Share this Job

Cyber Security Consultant

At IAG, we live and work by our purpose to make your world a safer place. We are motivated by a unique culture that celebrates honesty, creativity, empathy, equity and collaboration. We call it the IAG way, and it means we all share a ‘ready for anything’ mindset that sets the tone for positive actions and positive outcomes. We put heart into everything we do which guides us to create amazing things for our customers, our people and our communities.  
We’re brimming with ideas, ambition and a readiness to apply bold thinking and risk awareness to make a difference where it matters most. 
As the largest general insurance group in Australia and New Zealand, we own some of the region’s most trusted brands, including NRMA Insurance, CGU, SGIO, SGIC and WFI. We are ready for anything. 


•    Permanent Opportunity 
•    Sydney or Melbourne CBD 
•    Cyber Security Consultant (Group Risk)


The Role 
Working with business and technology stakeholders, you will develop and measure security and risk metrics and develop reporting to key management and governance stakeholder audiences. 
Additionally, you will be involved in managing IAG security Policies and Standards, develop & operate security governance processes and Line 1 Operational risk management for the Cyber Security Group. 
You will be a key member of a team responsible for ensuring appropriate cyber risk management is performed and information and insights are provided to key decision makers.


Key Responsibilities
•    Develop, maintain and distribute operational, management and executive targeted security reports, ensuring pertinent security information and insights are available to decision makers in a timely and quality manner. - 40%

•    Develop, maintain and operate security metrics and key risk indicators that indicate the level of operation risk and measure performance of security related controls in the IAG business operating environment - 30%.

•    Manage Cyber security standard exception and exemption records throughout their lifecycle, ensuring appropriate risk mitigation and risk acceptances are properly recorded and documented actions are completed. - 25 %

•    Develop, maintain and operate CPS234 Material Security Incident and Material Security Weakness regulatory notification processes, ensuring timely analysis and processing to meet regulator notification timeframes. - 5%

Skills & Experience
•    Skills and experience in development of Security Metrics and authoring of regular cyber security reports to Senior Management, Board of Directors and Regulatory audiences.
•    Strong communication and writing skills with high attention to detail for producing board papers
•    Operational Reporting and data visualisation
•    Basic understanding of security control domains such as Identity & Access Management; Threat Intelligence; Vulnerability Management; Security Incident Management; Application, Infrastructure, Data and Network Security
•    Negotiation skills
•    A working knowledge of regulatory and industry requirements governing Australian and New Zealand Financial enterprises (e.g.
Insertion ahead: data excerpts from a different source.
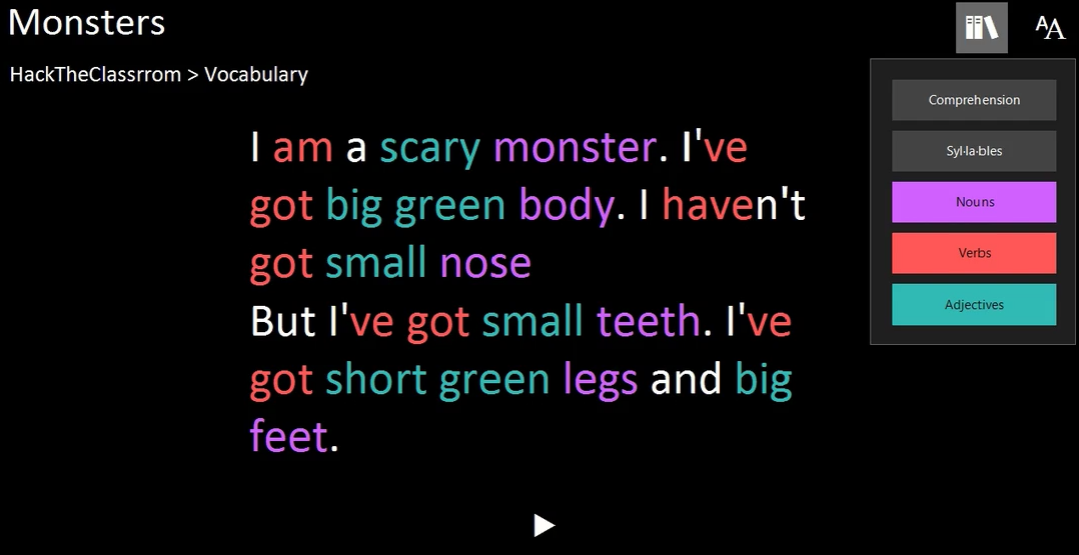 1) 텍스트를 소리 내어 읽어 주는 도구로서, 텍스트를 음절로 나누고 줄과 문자 사이의 간격을 늘려줍니다.
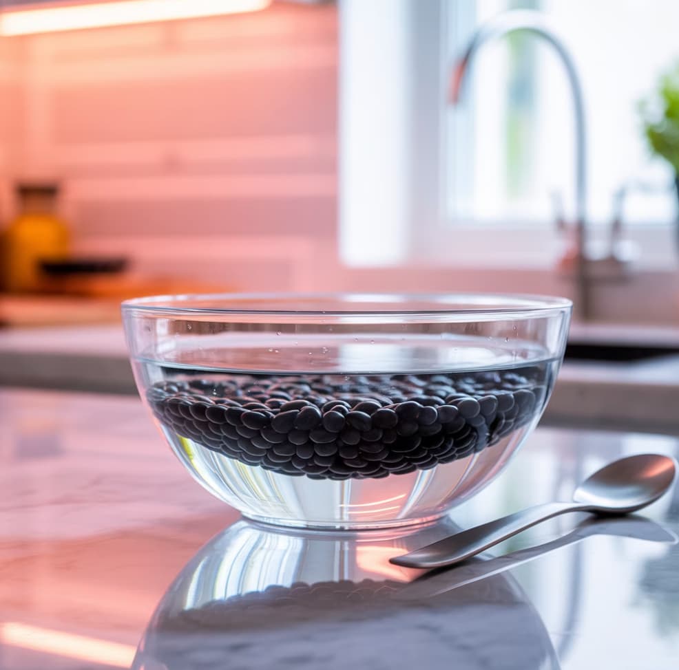 서리태를 콩물로 만들 때 첫 단계는 충분한 불림입니다.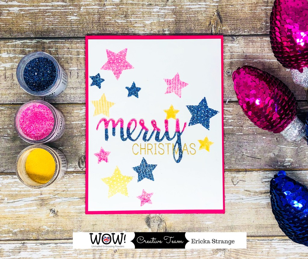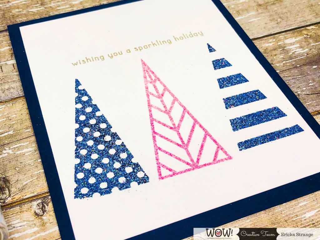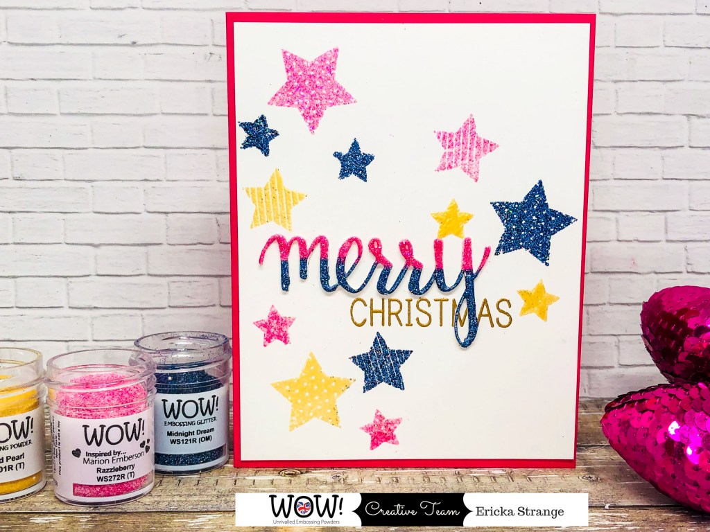 I took a separate piece of white cardstock and die cut the “Merry” sentiment three times and glued them together. Once it was dry, I used the WOW! Mixed Media Brush and applied a light layer of ink on the top portion of my die cut. I heat embossed the top portion in Razzelberry powder and repeated the step for the bottom portion in Midnight Dream.
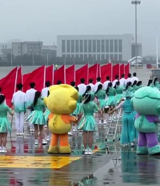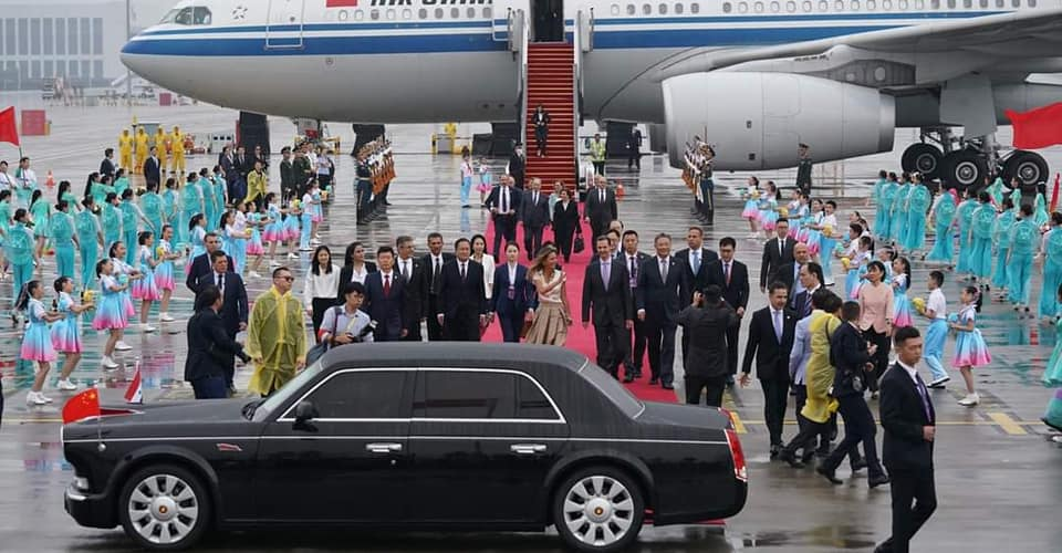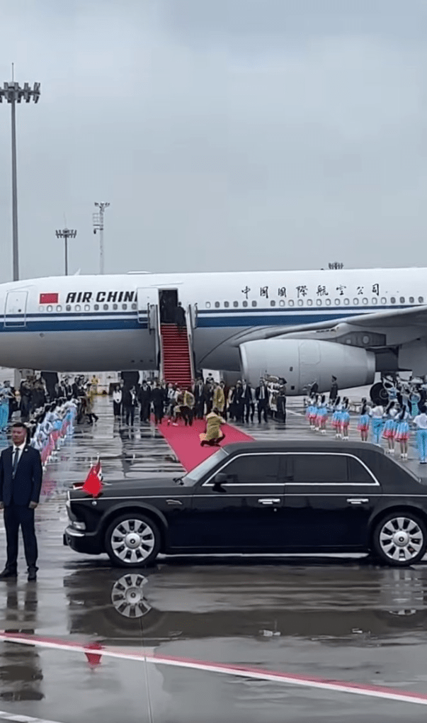 Και στις δύο άκρες του κόκκινου χαλιού παρατάχθηκε η τιμητική φρουρά και πίσω τους μια μεγάλη ομάδα παιδιών από την Κίνα που κρατούσαν σημαίες και τραγουδούσαν κινέζικα εθνικά και παραδοσιακά τραγούδια. Δύο παιδιά έδωσαν επίσης ανθοδέσμες στον Πρόεδρο και την Πρώτη Κυρία.
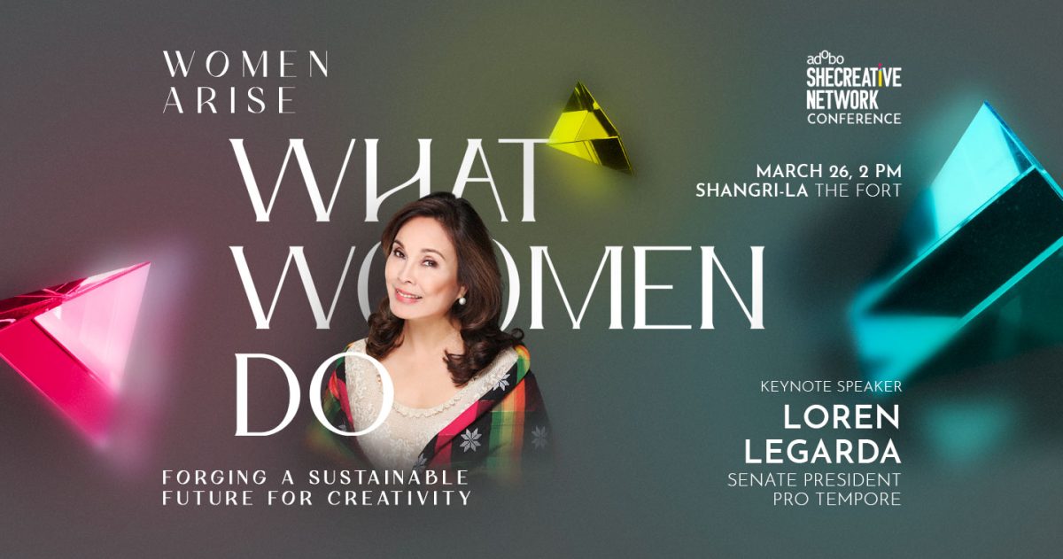 MANILA, PHILIPPINES — Senate President Pro Tempore Loren Legarda, a long-time advocate of Filipino arts and culture, will be delivering the keynote address at the adobo SheCreative Conference this March 26, 2024 at Shangri-La at the Fort. The good senator will be sharing her insights on the Philippines’ creative economy and its role in nation-building to kick off an afternoon filled with talks from equally inspiring women in creative fields. Her expertise on the matter, developed over more than two decades of experience in public service, make her an ideal match for this year’s conference theme: “Forging a Sustainable Future for Creativity.”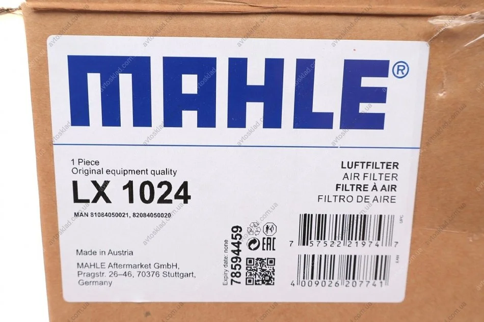 Фильтр воздушный MAN (TRUCK) (Knecht-Mahle) MAHLE / KNECHT LX1024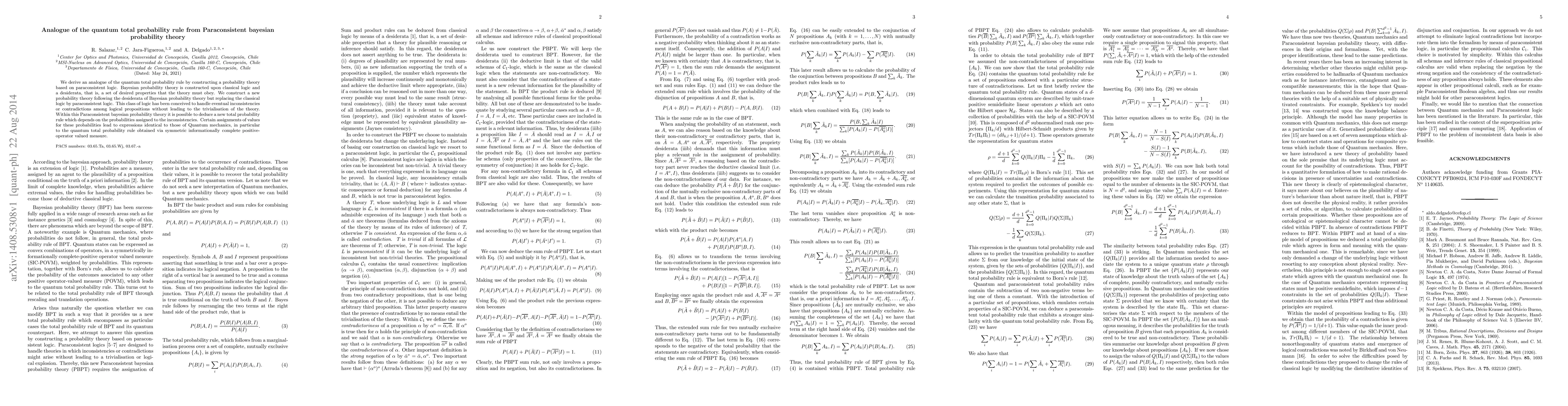 We derive an analogue of the quantum total probability rule by constructing a probability theory based on paraconsistent logic. Bayesian probability theory is constructed upon classical logic and a desiderata, that is, a set of desired properties that the theory must obey. We construct a new probability theory following the desiderata of Bayesian probability theory but replacing the classical logic by paraconsistent logic. This class of logic has been conceived to handle eventual inconsistencies or contradictions among logical propositions without leading to the trivialisation of the theory. Within this Paraconsistent bayesian probability theory it is possible to deduce a new total probability rule which depends on the probabilities assigned to the inconsistencies. Certain assignments of values for these probabilities lead to expressions identical to those of Quantum mechanics, in particular to the quantum total probability rule obtained via symmetric informationally complete positive- operator valued measure.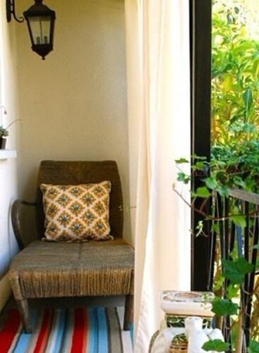 像這樣的窄型小陽臺,在裝修時一定難倒了不少人,陽臺的寬度不到一米,只有一張椅子這么長,容量十分有限。于是我們便從椅子出發(fā),在靠陽臺內(nèi)側(cè)放上適合寬度的大藤椅,在足下鋪上延伸空間大小、活潑空間氛圍的彩色條紋地毯,緊靠外側(cè)再放上幾個裝飾品,為了增添舒適度和隱蔽度,在外側(cè)按上窗簾是十分聰慧的選擇,輕松早就一款舒適型小陽臺。
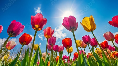 Fototapeta premium Vibrant tulip garden against a clear sky, viewed from a low angle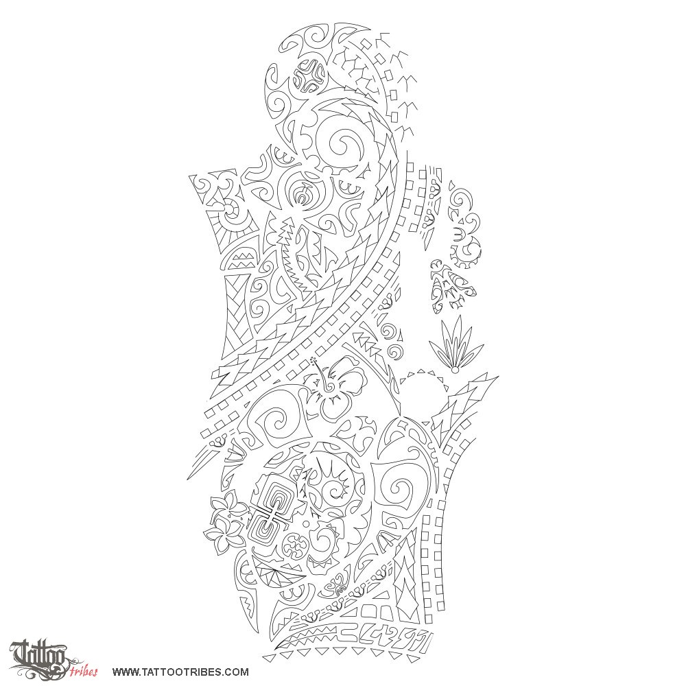 The turtle symbolizes the new family started by Tania, who requested this tattoo, and it´s surrounded by elements relating to her family of origin: a flower of hibiscus for her mother, a mere and an enata for her brothers, a frangipani for her and a bee for her father.
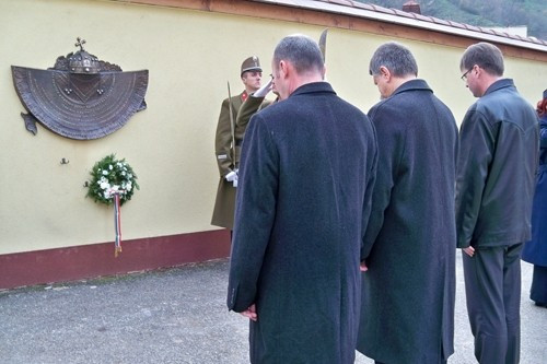 A 2010-ben civil összefogással megvalósult Szent Korona emlékjelnél dr. Horváth Zsolt országgyűlési képviselő köszöntötte a megjelenteket. A politikus elmondta, szerencsére mindig voltak, vannak, és lesznek, akik számára a haza mindennél előbbre való. Elhangzott, az emlékjelet két éve Hende Csaba honvédelmi miniszter avatta fel, tavaly pedig dr. Navracsics Tibor miniszterelnök-helyettes mondott itt beszédet. A politikus arra kérte a hallgatóságot, hogy emlékezzenek meg a hős katonákról, akik életük kockáztatásával, vagy akár életük árán védték a Szent Koronát.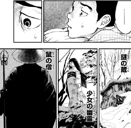 关口还以为老板指的是熊,但老板却说是女孩子的幽灵,那个女孩穿着和服,唱着令人毛骨悚然的歌曲。老板之前就在附近听说过这个传闻,可他一直不信,直到去年的某天,他有事前往富商的别墅。

CPS220, CPS234, PCI-DSS)
•    Experience in business reporting development at Strategic, Operational and Tactical levels.
•    Experience in developing and monitoring Key Risk Indicators and Key Performance Indicators.
•    Demonstrated experience in Cybersecurity risk management.
•    Experience in Australian / New Zealand Financial Services industry
•    Proven capacity for building relationships and influencing senior stakeholders.
•    Experience with frameworks such as NIST CSF, NIST SP 800-53, ISO27001/2, ISO31000, COBIT
•    Familiarity with industry regulation, including APRA Prudential Standards, Australian Privacy Act and PCI-DSS
•    Experience with Governance, Risk and Compliance (GRC) tools such as ServiceNow GRC.
•    Relevant tertiary qualifications in a field related to the role (technology or commercial)
•    Relevant professional memberships and certifications
o    CRISC, CGEIT and CISA qualifications highly regarded

Ready for anything? Let’s talk.
Start your career journey with us and click ‘Apply’! Applications close on Friday 5th March 2021
IAG rewards and recognises its people with generous benefits, career development opportunities and real work-life balance. Employees also enjoy 13% superannuation, up to 50% insurance discounts, flexible work and leave options, generous parental leave and return to work programs, various corporate partner discounts and a people-focused culture that celebrates achievements big and small. 
Creating a workforce that actively embraces diversity, inclusion and a sense of belonging is key to our success. We believe in treating everyone fairly which means that inclusion, removing barriers, striving for equity and embracing diversity are woven through our values and behaviours.  We encourage applications from all backgrounds and communities and are committed to providing a work environment that enables you to thrive, whatever your circumstances. If we can provide support with access requirements, alternative work arrangements please advise us via your application.
IAG has committed to the reconciliation movement in Australia for First Nations people and focus on providing a safe and supportive work environment for all our employees. More information on our Reconciliation Action Plan can be found on our company website.